Re: YarnResourceManager unresponsive under heavy containers allocations

qi luo Wed, 10 Jul 2019 04:44:28 -0700
Got it, thank you!

> On Jul 10, 2019, at 2:20 PM, Xintong Song <tonysong...@gmail.com> wrote:
> 
> Thanks for the kindly offer, Qi. 
> 
> I think this work should not take much time, so I can take care of it. It's 
> just the community is currently under feature freeze for release 1.9, so we 
> need to wait until the release code branch being cut.
> 
> Thank you~
> Xintong Song
> 
> 
> On Wed, Jul 10, 2019 at 1:55 PM qi luo <luoqi...@gmail.com 
> <mailto:luoqi...@gmail.com>> wrote:
> Thanks Xintong and Haibo, I’ve found the fix in the blink branch. 
> 
> We’re also glad to help contribute this patch to community version, in case 
> you don’t have time.
> 
> Regards,
> Qi
> 
>> On Jul 10, 2019, at 11:51 AM, Haibo Sun <sunhaib...@163.com 
>> <mailto:sunhaib...@163.com>> wrote:
>> 
>> Hi, Qi
>> 
>> Sorry, by talking to Xintong Song offline, I made sure that some of what I 
>> said before is wrong. Please refer to Xintong's answer.
>> 
>> Best,
>> Haibo
>> 
>> At 2019-07-10 11:37:16, "Xintong Song" <tonysong...@gmail.com 
>> <mailto:tonysong...@gmail.com>> wrote:
>> Hi Qi,
>> 
>> Thanks for reporting this problem. I think you are right. Starting large 
>> amount of TMs in main thread on YARN could take relative long time, causing 
>> RM to become unresponsive. In our enterprise version Blink, we actually have 
>> a thread pool for starting TMs. I think we should contribute this feature to 
>> the community version as well. I created a JIRA ticket 
>> <https://issues.apache.org/jira/browse/FLINK-13184> from which you can track 
>> the progress of this issue. 
>> 
>> For solving your problem at the moment, I agree with Haibo that configure a 
>> larger registration timeout could be a workaround.
>> 
>> Thank you~
>> Xintong Song
>> 
>> 
>> On Wed, Jul 10, 2019 at 10:37 AM Haibo Sun <sunhaib...@163.com 
>> <mailto:sunhaib...@163.com>> wrote:
>> Hi, Qi
>> 
>> According to our experience, it is no problem to allocate more than 1000 
>> containers when the registration timeout is set 5 minutes . Perhaps there 
>> are other reasons?

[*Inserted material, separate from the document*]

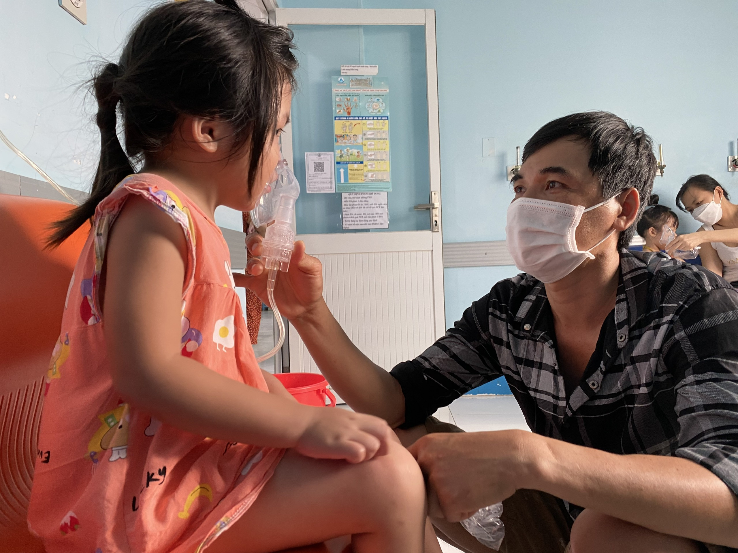 Anh Nguyễn Văn Bảo, 37 tuổi, Bến Tre, một tay xách đồ, một tay dẫn con gái 3 tuổi đi tìm phòng phun khí dung. Bé bị hen suyễn, vừa nhập viện sáng nay.

Or you can try to increase the value of 
>> `taskmanager.registration.timeout`. For allocating containers using 
>> multi-thread, I personally think it's going to get very complicated, and the 
>> more recommended way is to put some waiting works into asynchronous 
>> processing, so as to liberate the main thread.
>> 
>> Best,
>> Haibo
>> 
>> 
>> At 2019-07-09 21:05:51, "qi luo" <luoqi...@gmail.com 
>> <mailto:luoqi...@gmail.com>> wrote:
>> Hi guys,
>> 
>> We’re using latest version Flink YarnResourceManager, but our job startup 
>> occasionally hangs when allocating many Yarn containers (e.g. >1000). I 
>> checked the related code in YarnResourceManager as below:
>> 
>> <PastedGraphic-1.tiff>
>> 
>> It seems that it handles all allocated containers and starts TM in main 
>> thread. Thus when containers allocations are heavy, the RM thread becomes 
>> unresponsive (such as no response to TM heartbeats, see TM logs as below).
>> 
>> Any idea on how to better handle such case (e.g. multi-threading to handle 
>> allocated containers) would be very appreciated. Thanks!
>> 
>> Regards,
>> Qi 
>> 
>> 
>> ———————————————————————— 
>> TM log:
>> 
>> 2019-07-09 13:56:59,110 INFO  
>> org.apache.flink.runtime.taskexecutor.TaskExecutor            - Connecting 
>> to ResourceManager 
>> akka.tcp://flink@xxx/user/resourcemanager(00000000000000000000000000000000) 
>> <>.
>> 2019-07-09 14:00:01,138 INFO  
>> org.apache.flink.runtime.taskexecutor.TaskExecutor            - Could not 
>> resolve ResourceManager address akka.tcp://flink@xxx/user/resourcemanager 
>> <>, retrying in 10000 ms: Ask timed out on 
>> [ActorSelection[Anchor(akka.tcp://flink@xxx/ <>), 
>> Path(/user/resourcemanager)]] after [182000 ms]. Sender[null] sent message 
>> of type "akka.actor.Identify"..
>> 2019-07-09 14:01:59,137 ERROR 
>> org.apache.flink.runtime.taskexecutor.TaskExecutor            - Fatal error 
>> occurred in TaskExecutor akka.tcp://flink@xxx/user/taskmanager_0 <>.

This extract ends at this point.